Leaves in tropical forests across regions from South America to Southeast Asia are facing a concerning threat due to rising temperatures, warns a new study. The study reveals that some leaves are becoming so hot that their ability to photosynthesize — the process through which they convert carbon dioxide, sunlight, and water into energy — is being compromised.

This phenomenon could have significant repercussions for global forests, unleashing a disastrous feedback loop in which plants die, leading to more heat, which causes more plants to die. It’s certainly something to ponder as we come out of the warmest month ever on record.

A dangerous tipping point

The study, published in Nature, brings attention to the critical temperature threshold of approximately 46.7 degrees Celsius (116 °F) at which leaves’ photosynthetic capacity starts to decline. While this temperature might seem high, it’s important to note that leaves can become much hotter than the surrounding air temperature.

The research, conducted by an international team of scientists from the US, Australia, and Brazil, combined data from thermal satellite sensors aboard the International Space Station with on-site leaf-warming experiments from across the world.

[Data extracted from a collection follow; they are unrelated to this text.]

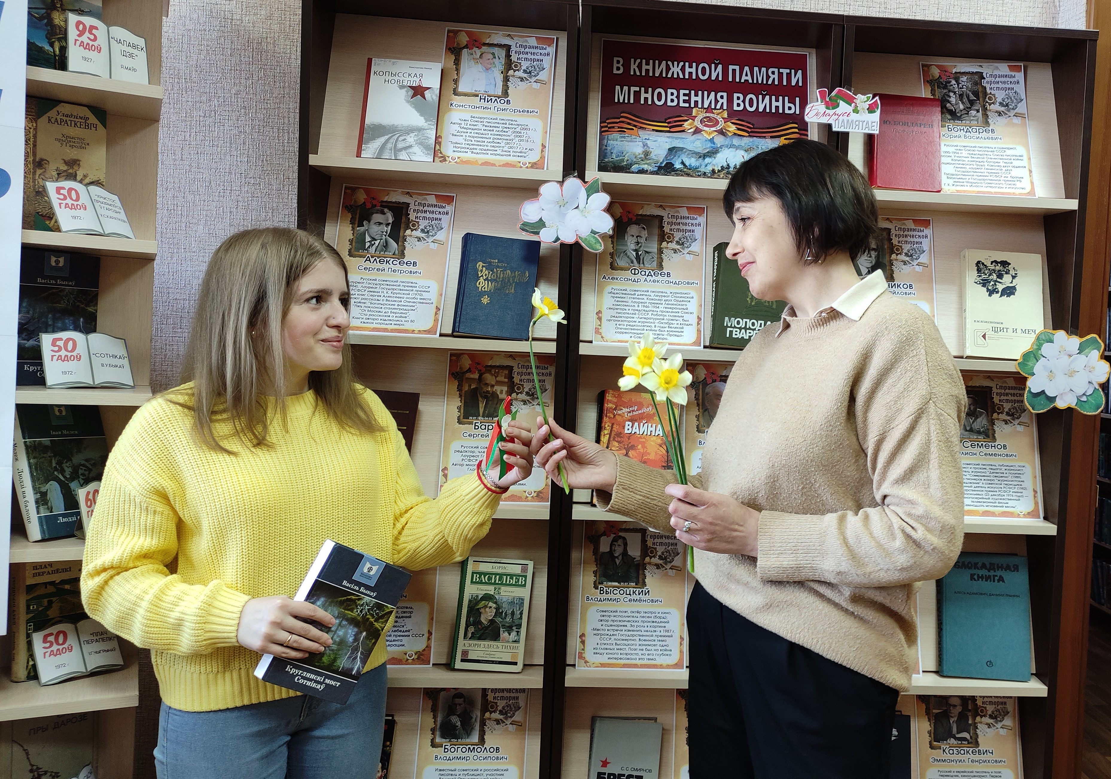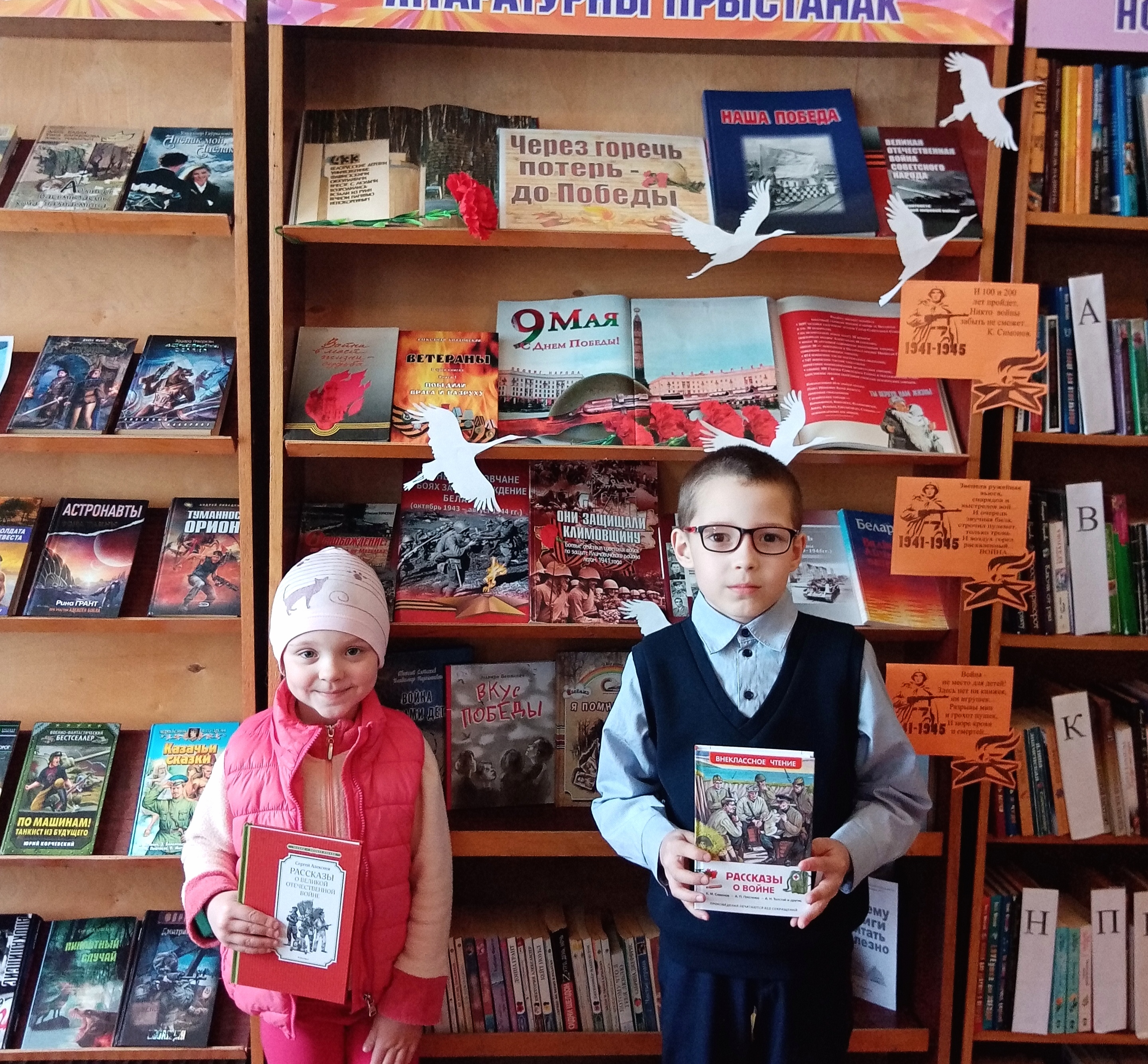 На абонементе для своих читателей библиотекари организовали патриотическую акцию «Цветы Победы», книжную эспозицию «В книжной памяти мгновения войны», литературный обзор книг о войне. Здесь представлены лучшие художественные произведения о войне, проза и поэзия как белорусских, так и русских авторов: Константина Симонова, Виктора Астафьева, Александра Твардовского, Бориса Васильева, Василия Быкова, Алеся Адамовича, Ивана Шамякина и других писателей-фронтовиков.
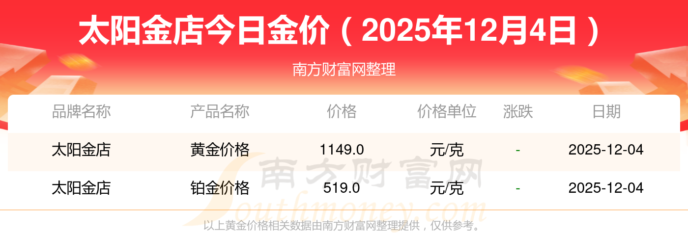 2025年12月4日太陽金店今日價(jià)格:黃金價(jià)格1328.0元/克,鉑金價(jià)格671.0元/克,飾品金價(jià)(內(nèi)地)1328.0元/克,黃金飾品(香港)46730.0,鉑金價(jià)格(香港)19260.0,金條價(jià)格(香港)42160.0,金條金價(jià)(內(nèi)地)1165.0元/克,黃金價(jià)格1325.0元/克,鉑金價(jià)格600.0元/克,足金價(jià)格1325.0元/克,黃金價(jià)格1326.0元/克。
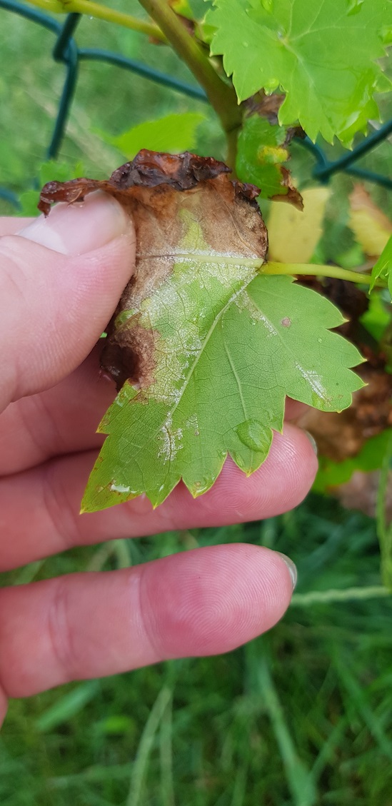 Ich stimme Hapy und Roccalana zu, dass die vertrockneten Blätter der Trauben vor allem einen Hitzeschaden und Wassermangel aufzeigen.
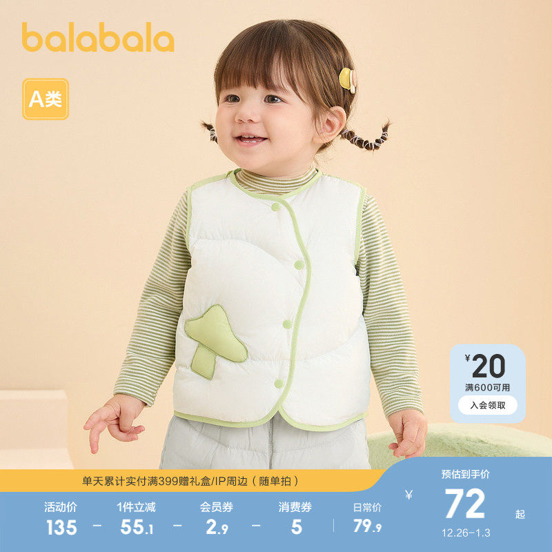 巴拉巴拉balaOne儿童羽绒马甲女童男童外套上衣新款童装2025秋冬
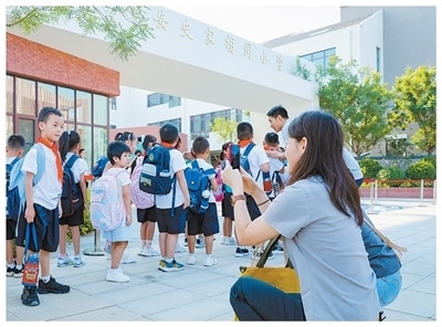 雄安史家胡同小學(xué)校門(mén)口,家長(zhǎng)在送孩子上學(xué)。
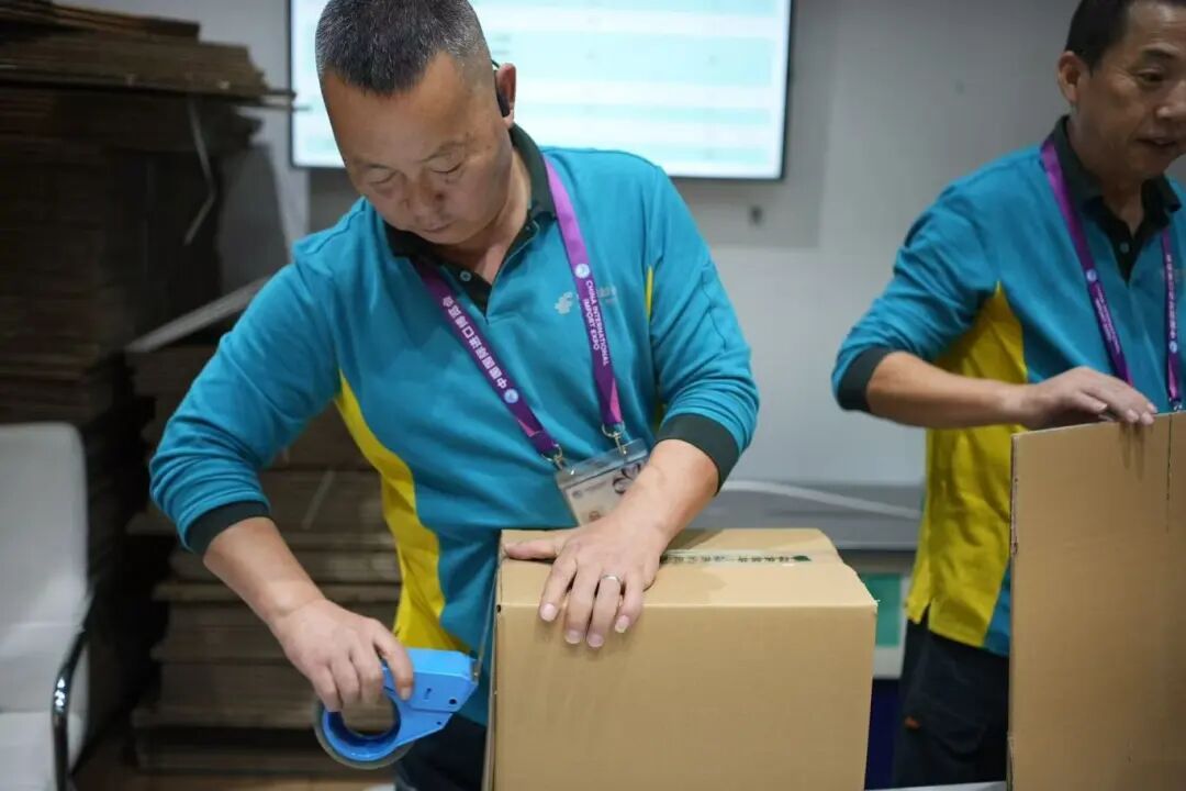 据悉,今年邮政服务继续提供现场寄递服务,方便参展观众随时将购买的商品寄往目的地,实现“货比人先到家”。“所有收寄后的馆内邮件于每日日终由专车驳运至徐泾营业部封发发运,且寄件价格与场外保持一致。”徐泾邮政支局局长郭淳说,“随着展会推进,预计每日寄递量将逐步上升,单日散件业务有望达到近千件。”来自甘肃的毛先生在体验邮政寄递服务后表示:“今天采购了不少生活用品和特色食品,数量多、路程远,自己携带很不方便,看到馆内就设有邮政寄件点,立即办理寄递,十分方便。”
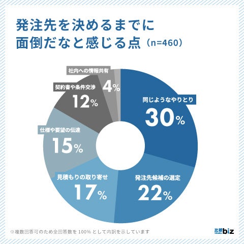 また、「発注先候補の選定」(22%)や「見積もりの取り寄せ」(17%)にも多くの回答が集まっており、発注先を比較・検討しながら選定するプロセスにおいて、手間や煩わしさを感じている人が多いことがわかります。

“​​Historically, we have either studied individual trees to gather data at small scales or used satellite instruments to gather data at large scales. What was missing was a way to collect data at small scales across the tropics,” said co-author Joshua Fisher, who helped launch the ECOSTRESS satellite while working as a NASA scientist at the Jet Propulsion Laboratory (JPL) five years ago.

“That’s where we turn to satellite remote sensing. We were able to measure the temperature of the trees directly at incredibly high resolution, all the way from space, using thermal infrared sensing.” 

Rather than analyzing average temperatures, the researchers concentrated on extreme conditions. Their findings indicated that while average forest canopy temperatures peaked at 34 degrees Celsius (93 °F), certain areas experienced temperatures exceeding 40 °C (104 °F).

“We were really surprised that when we warmed leaves by just a few degrees, the highest leaf temperatures actually increased by 8 degrees Celsius. This shows a concerning non-linear feedback that we were not expecting,” said Doughty, who is an associate professor of ecoinformatics at Northern Arizona University. 

At present, a minute fraction, just 0.01%, of leaves are surpassing the critical temperature threshold that jeopardizes their photosynthetic function. Despite this small percentage, the study predicts that as global temperatures continue to rise, this number is likely to increase. The report highlights that even though this percentage may appear minor, its growth could pose a serious threat to tropical forests worldwide. These forests cover about 12% of the planet and are home to over half of its species. Additionally, they play a crucial role in carbon absorption and climate regulation.

According to the researchers, tropical forests can tolerate approximately 4 °C (7.2 °F) of additional global warming before they reach a critical tipping point concerning photosynthesis. If temperatures exceed this threshold, the study suggests that the percentage of leaves surpassing critical temperature limits could rise to 1.4%, leading to substantial leaf loss and even tree death.

The study has implications for understanding how tropical forests will respond to ongoing climate change. But most importantly, the findings underscore the importance of reducing our carbon emissions to stabilize temperatures. Under low-emission scenarios, most tropical forest tree leaves can survive overheating, preserving the ecosystems. There is still time, but the window of opportunity is getting narrower with each passing day.

“Our model is not fate,” Doughty said. “It suggests that with some basic climate mitigation, we can address this issue. Further, it helps pinpoint a few key areas that need further research, like whether tropical trees can change their upper-temperature thresholds.” 

“By avoiding high-emissions pathways and deforestation, we can protect the fate of these critical realms of carbon, water and biodiversity,” he added.